» **Your instructions**: Look below for the line with "Coffee Table Runner"; begin the copy there and stop after the line with "ACT | TEF1 | |", keeping the text exact and the pictures out.

Data excerpts:
+ + + + +

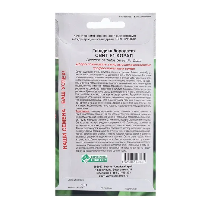 Среди садоводов очень популярна гвоздика турецкая. Любовь к ней объясняется ее продолжительностью цветения и очень яркой окраской. Растения исключительно декоративны. Неприхотливость в уходе, устойчивость к неблагоприятным погодным условиям сделали гвоздику желанным гостем на садовом участке и городских клумбах. Сортовое многообразие в настоящее время превысило уже три сотни. Гвоздика серии Свит - раннецветущее многолетнее растение из семейства гвоздичных, в культуре выращивается как двулетнее растение. Ценится за яркие цвета, раннее цветение и очень нежный аромат. Она зацветает в июне, когда еще не цветут летники. Растение ветвистое с насыщенно-коралловыми цветками, собранными в округлые, пышные соцветия с кружевными краями. Даёт высокий урожай отличной, высококачественной срезки в течение всего сезона. Эффектно смотрится как в букетах, так и в вазах. Чтобы получить такую красоту, выращивание и уход должны быть грамотными.
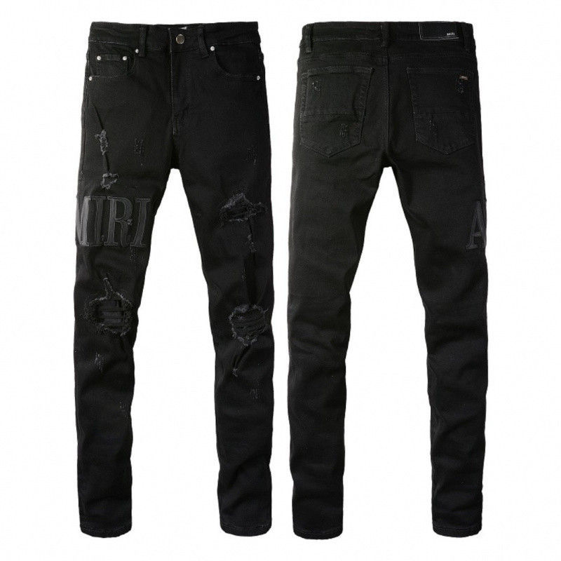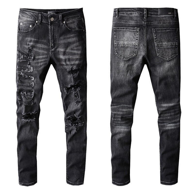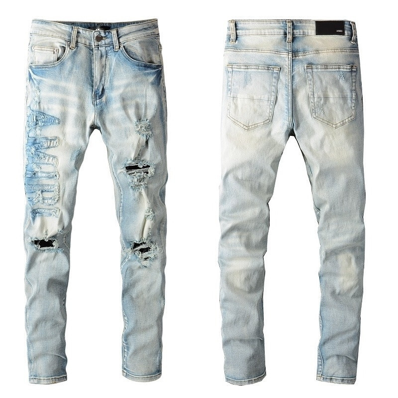 유럽과 미국의 하이 스트리트 로고 블랙홀 편지 자수 패치 슬림-적합 탄성 스키니 청바지 남성 트렌디 615스토어 가기
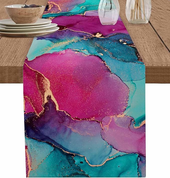 Coffee Table Runner Dresser Scarves, Dazzling Marble Gold Trim Texture Dining Table Runners, Washable Non-Slip Rectangle Table Setting Decor for Farmhouse Kitchen Party Holiday, 18x72 inch Long
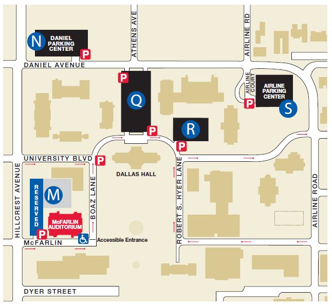 Preferred parking lots are Daniel Parking Center (N), Lot Q, Lot R, and Airline Parking Center (S).
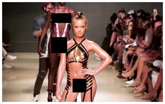 Miamissa järjestetty muotinäytös veti puoleensa suuren määrän ihmisiä. Huhujen mukaan naiset oltiin puettu ilmastointiteippiin, jonka seurauksena vain kriittisimmät paikat peittyivät. Tätä vartalonmyötäisempää uimapukua on käytännössä mahdoton hankkia ellei halua kulkea alasti. Alla esimerkki, miltä teipillä varustetut naiset näyttävät:
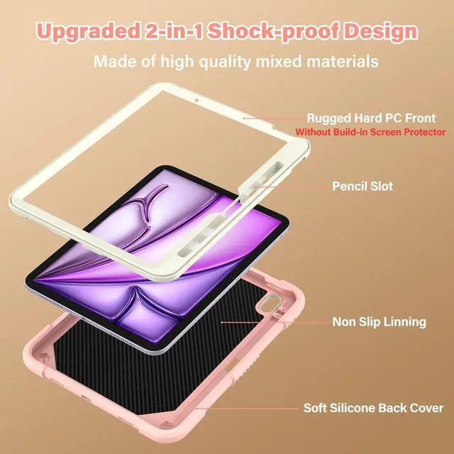 Design: This case compatible with iPad Air 11 Inch M2 2024 and M2 2025 released, made of Premium Soft silicone rubber and hybrid hard PC + front hard PC bumper, easier to install and remove, withstands daily drop, bump and shock with four protection corner cushioning, perfect for Kids. (WITHOUT built-in Screen Protector) ^^
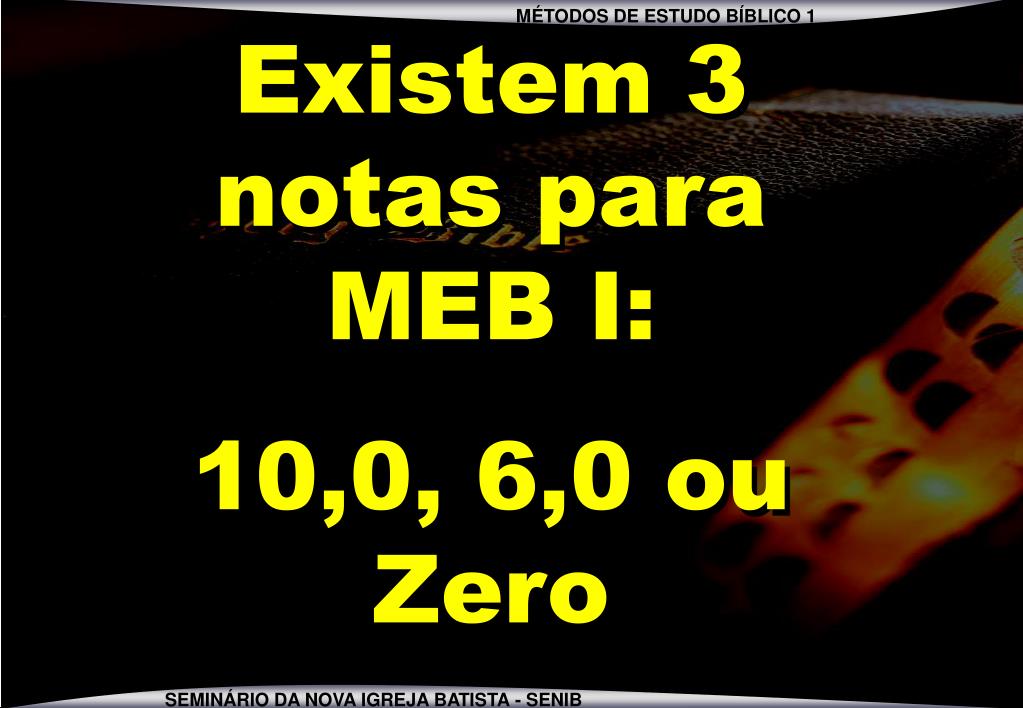Existem 3 notas para MEB I: 10,0, 6,0 ou Zero
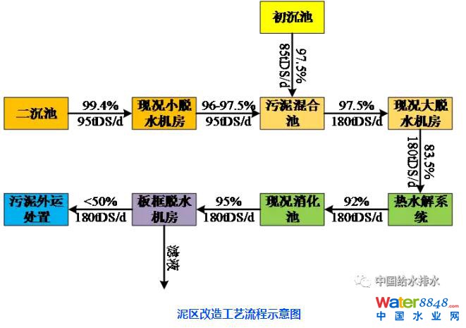 1泥線工藝流程由于本廠水區(qū)進(jìn)行改造,增加深度處理措施,導(dǎo)致泥區(qū)處理量增加,現(xiàn)泥區(qū)的設(shè)計處理量為180tDS/d。
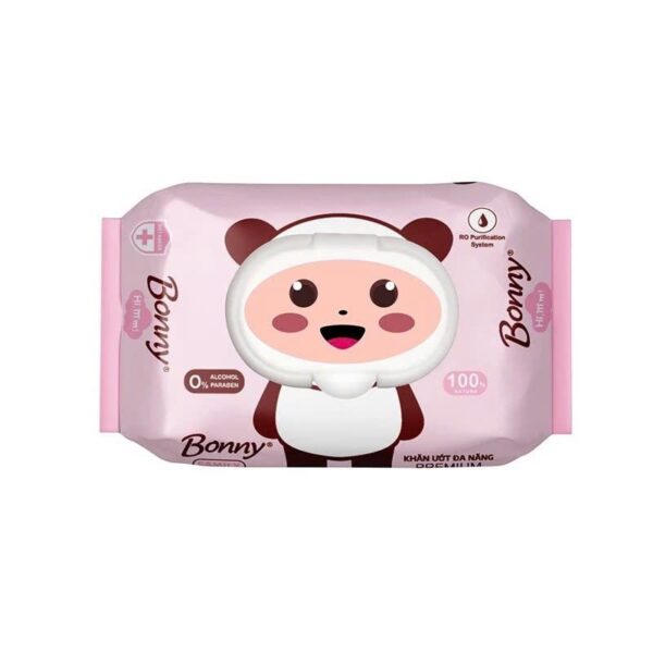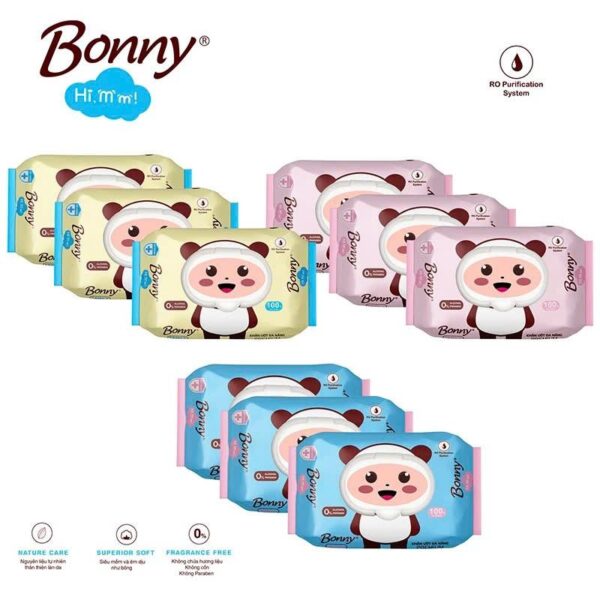 KhÄn ưá»t Bonny không mùi, dá»u nhẹ cho da bé, gói 100 tá» tiết kiá»m.
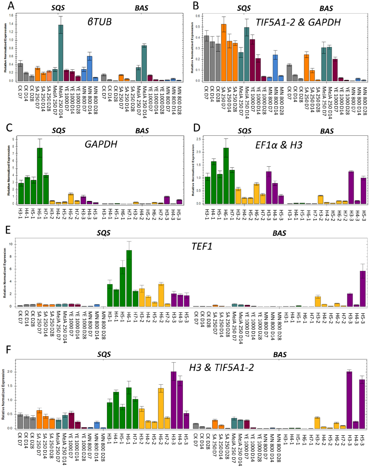 | BestKeeper | H3 | EF1α | TIF5A1-2 | TIF5A1-1 | βTUB | GAPDH | ACT | TEF1 | |
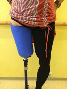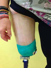 Eine Interimsprothese wurde erstmalig zweieinhalb Monate nach der Amputation angepasst. Die ungewöhnliche Verzögerung war notwendig, um die Versorgung des erhaltenen Beines mit externem Fixateur nicht zu beeinträchtigen. Nach erfolgreichem Test wurde der Interimsschaft in anatomischer Form mit Silikon-Liner gefertigt. Ein gesperrtes Kniegelenk und ein Karbonfederfuß in Erwartung einer baldigen Umstellung auf ein aktiveres Kniegelenk vervollständigten die Interimsprothese. Die Versorgung erlaubte der Patientin die Wiedererlangung des sicheren Stehens (das linke Bein eignet sich nicht als Standbein) und schließlich die Teilnahme an Gehtraining und Physiotherapie, im Rahmen derer die gesperrte Kniesituation abgeschult werden konnte. Im weiteren Versorgungsverlauf konnten die Knie- und Fuß-Passteile entsprechend an das neu gewonnene Aktivitätsprofil angepasst werden. Nachdem sich das Stumpfvolumen stabilisiert hatte, wurde schließlich auch die definitive Prothese mit einem anatomischen Schaft verordnet und gefertigt. Hierbei wurde auf eine Liner-Versorgung verzichtet, da die Anwenderin jetzt in der Lage war, mit Hilfe einer Anziehtüte einen Prothesenschaft anzuziehen.
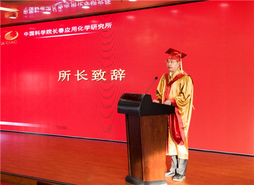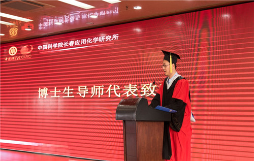 博士生导师陈全研究员作为导师代表致辞。他勉励全体毕业生继承发扬应化所的优良传统、传承应化人的精气神,不忘初心、薪火相传,实现精彩人生、成为应化所的骄傲和中国应用化学的希望。
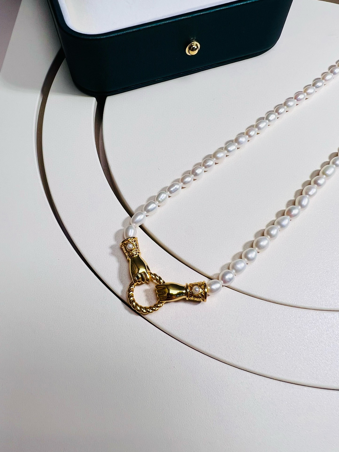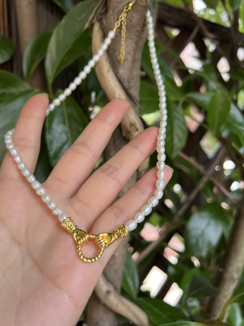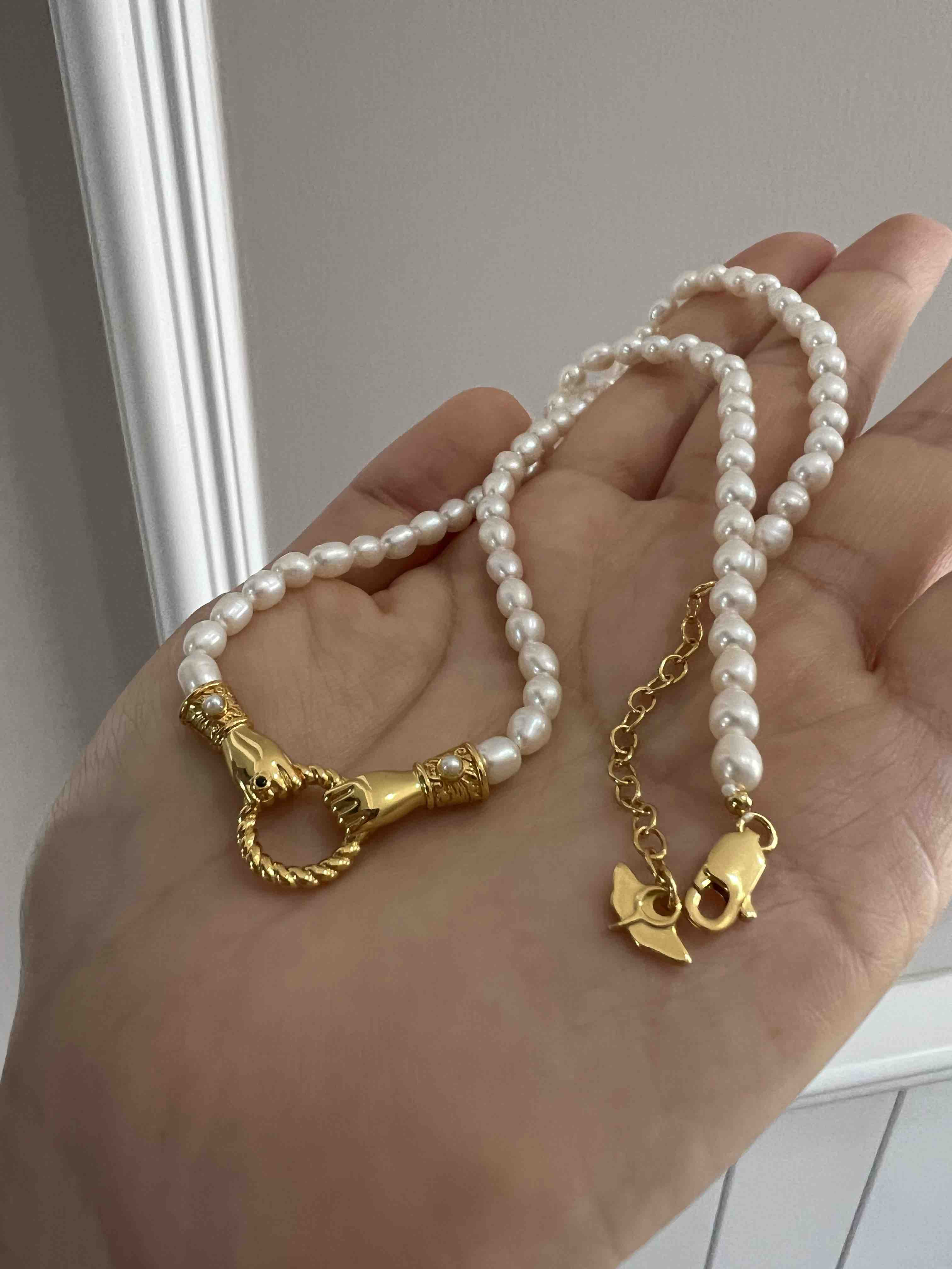 Mis英国小众 执子之手 天然小米珠 设计感珍珠项链。这个双手牵手的五金双环自己看,一定要仔细看,就是男女的手,牵上一个环,mis的设计感一直都是在线的,执子之手与子偕老,这个不重要,项链咱们自己买,不过这个设计确实点睛之笔。天然小米珠起码夏天的体感式很温润舒适的,一毛一样925银镀金材质,性价比max
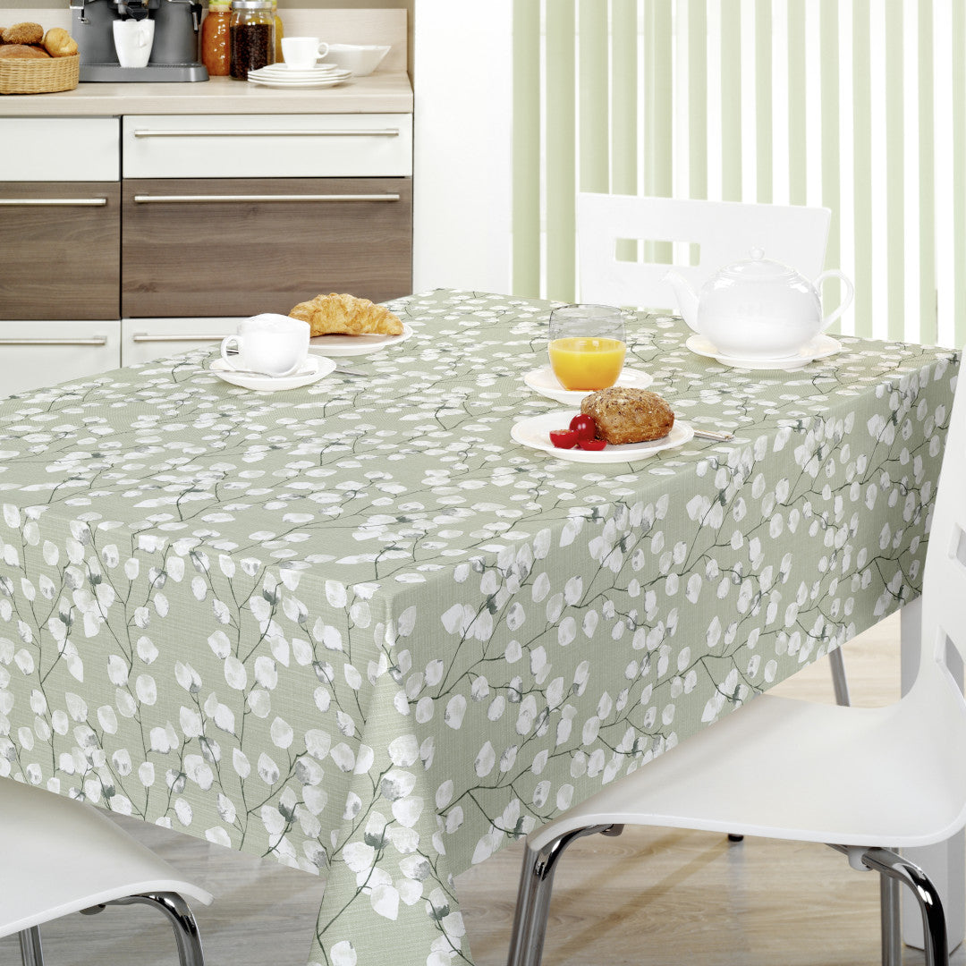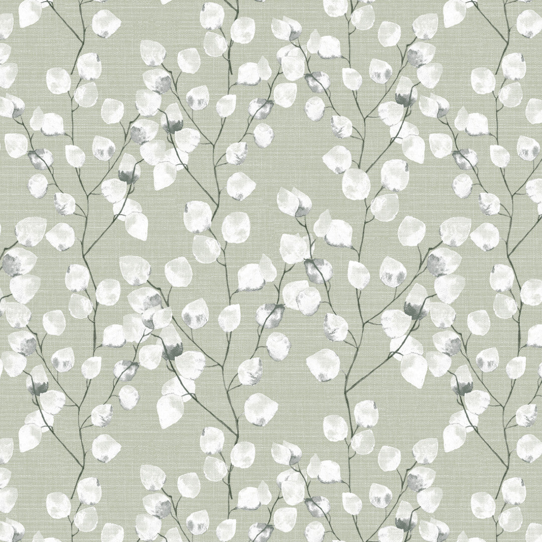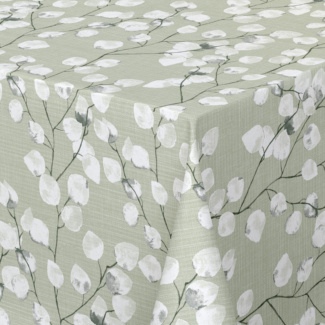 Nova Green – Støvet lysegrønn voksduk med hvite blader
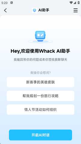 6. 进入“AI助手”界面,你可以选择预设的问题(例如新赛季的英雄皮肤、旅行攻略规划、情人节活动组织等)。
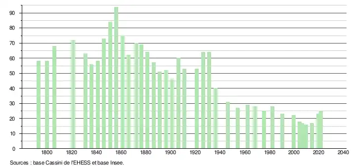 | L'évolution du nombre d'habitants est connue à travers les recensements de la population effectués dans la commune depuis 1793. Pour les communes de moins de 10 000 habitants, une enquête de recensement portant sur toute la population est réalisée tous les cinq ans, les populations légales des années intermédiaires étant quant à elles estimées par interpolation ou extrapolation[27]. Pour la commune, le premier recensement exhaustif entrant dans le cadre du nouveau dispositif a été réalisé en 2004[28]. En 2021, la commune comptait 25 habitants[Note 3], en augmentation de 56,25 % par rapport à 2015 (Hautes-Pyrénées : +1,04 %, France hors Mayotte : +1,84 %). |
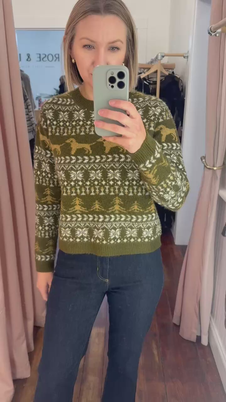 The Priya Sweater is for our dog and holiday lovers! This sweater is adorned with a holiday pattern that features dogs and Christmas trees. You'll be in the Christmas spirit anytime you put this sweater on!

+ + + + +

» **Exercise output**:
 Coffee Table Runner Dresser Scarves, Dazzling Marble Gold Trim Texture Dining Table Runners, Washable Non-Slip Rectangle Table Setting Decor for Farmhouse Kitchen Party Holiday, 18x72 inch Long
 Preferred parking lots are Daniel Parking Center (N), Lot Q, Lot R, and Airline Parking Center (S).
 Miamissa järjestetty muotinäytös veti puoleensa suuren määrän ihmisiä. Huhujen mukaan naiset oltiin puettu ilmastointiteippiin, jonka seurauksena vain kriittisimmät paikat peittyivät. Tätä vartalonmyötäisempää uimapukua on käytännössä mahdoton hankkia ellei halua kulkea alasti. Alla esimerkki, miltä teipillä varustetut naiset näyttävät:
 Design: This case compatible with iPad Air 11 Inch M2 2024 and M2 2025 released, made of Premium Soft silicone rubber and hybrid hard PC + front hard PC bumper, easier to install and remove, withstands daily drop, bump and shock with four protection corner cushioning, perfect for Kids. (WITHOUT built-in Screen Protector) ^^
Existem 3 notas para MEB I: 10,0, 6,0 ou Zero
 1泥線工藝流程由于本廠水區(qū)進(jìn)行改造,增加深度處理措施,導(dǎo)致泥區(qū)處理量增加,現(xiàn)泥區(qū)的設(shè)計處理量為180tDS/d。
 KhÄn ưá»t Bonny không mùi, dá»u nhẹ cho da bé, gói 100 tá» tiết kiá»m.
 | BestKeeper | H3 | EF1α | TIF5A1-2 | TIF5A1-1 | βTUB | GAPDH | ACT | TEF1 | |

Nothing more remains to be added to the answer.